Use this time to bond. Despite the circumstances, the virus has forced us to slow down and pause. It can be helpful to see this as an opportunity to spend time together and do some of the things we have previously been too busy for. Ask your child what they want to do, try an activity jar or learn something new as a family. Game nights, obstacle courses, cooking challenges, household projects, picnics or dance parties are just a few ideas to get you started.
Lower your standards. While this is a chance to connect with your children, when you’re trying to do so many things, you can start to feel as though you aren’t doing anything particularly well. The pandemic is new for everyone and this isn’t business as usual, so try not to be too hard on yourself, or your kids. Expect that working from home with children will affect your productivity. Remind yourself that a clean house is overrated, and remember, there are many ways to learn outside of the classroom if study time is missed. Be realistic, focus on staying safe and prioritize.
Be open and honest. Not talking about the virus will actually make your kids worry more. A good starting point is to ask your child what they know about, and if and what they’re worried about. This approach will keep things age-appropriate, without overwhelming or scaring them. Celebrate what we are all doing to stay safe and be honest when you don’t have all the answers. For younger children, playtime, art projects and stories are all good ways to explore their big feelings. Separation anxiety, sleep issues, bedwetting, headaches, stomach aches and meltdowns are all signs of anxiety and stress in children. If you are worried about your child’s behaviour, reach out to a mental health professional.

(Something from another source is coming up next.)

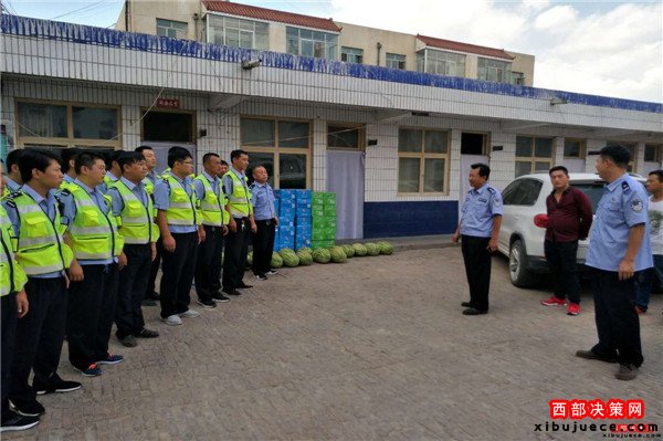 西部決策網(wǎng)訊( 鄒坤 通訊員 崔春月) 時值夏日,天氣持續(xù)高溫,2016年8月10日下午,靖邊縣公安局黨委委員、交警大隊長王世崗、辦公室主任黃瑞峰等一行來到該大隊城區(qū)二中隊慰問在高溫酷熱天氣下堅守崗位的一線民警,深刻表達了大隊黨委對一線民警的關心和關愛,并將防暑降溫物品及時送到了一線民警手中。

Ask for help. If there’s another adult in the house, try to trade off child care and housework responsibilities. It can feel like a 24-hour job, so “on” and “off” time will give everyone a break and a little breathing room. Make it a team effort by giving your kids age- and skill-appropriate jobs. In some families, teens can watch younger children, tweens can be a big help in the kitchen and your toddler can learn to help clean up their own toys. Working together will help you and set your family up for good habits and life skills.
Take care of yourself. One of the best ways we can help our kids is to help ourselves. Children take cues from the grownups in their lives and depend on us to help them navigate their own emotions. Take time each day to do something to de-stress—it’s different for everyone! Get outdoors, do an online yoga class, read a book or connect with friends. If you’re feeling exhausted, step away and take a break rather than sharing your anxiety and fear with your children. It is okay to acknowledge that this is hard for you.
Take a deep breath. Parenting through COVID-19 is uncharted territory. It can be comforting to remember that no one knows what they are doing and everyone is figuring things out as they go. This is temporary; we are in survival mode and sometimes the best way to keep order is to break a few habits or rules. Yes, there are many challenges ahead of us, but with a little time and effort, perhaps our children may come out of this more creative, empathetic, appreciative and resourceful. Or, at least, one can hope!
Crystal Gonder is the Communications Consultant for VHA Home HealthCare.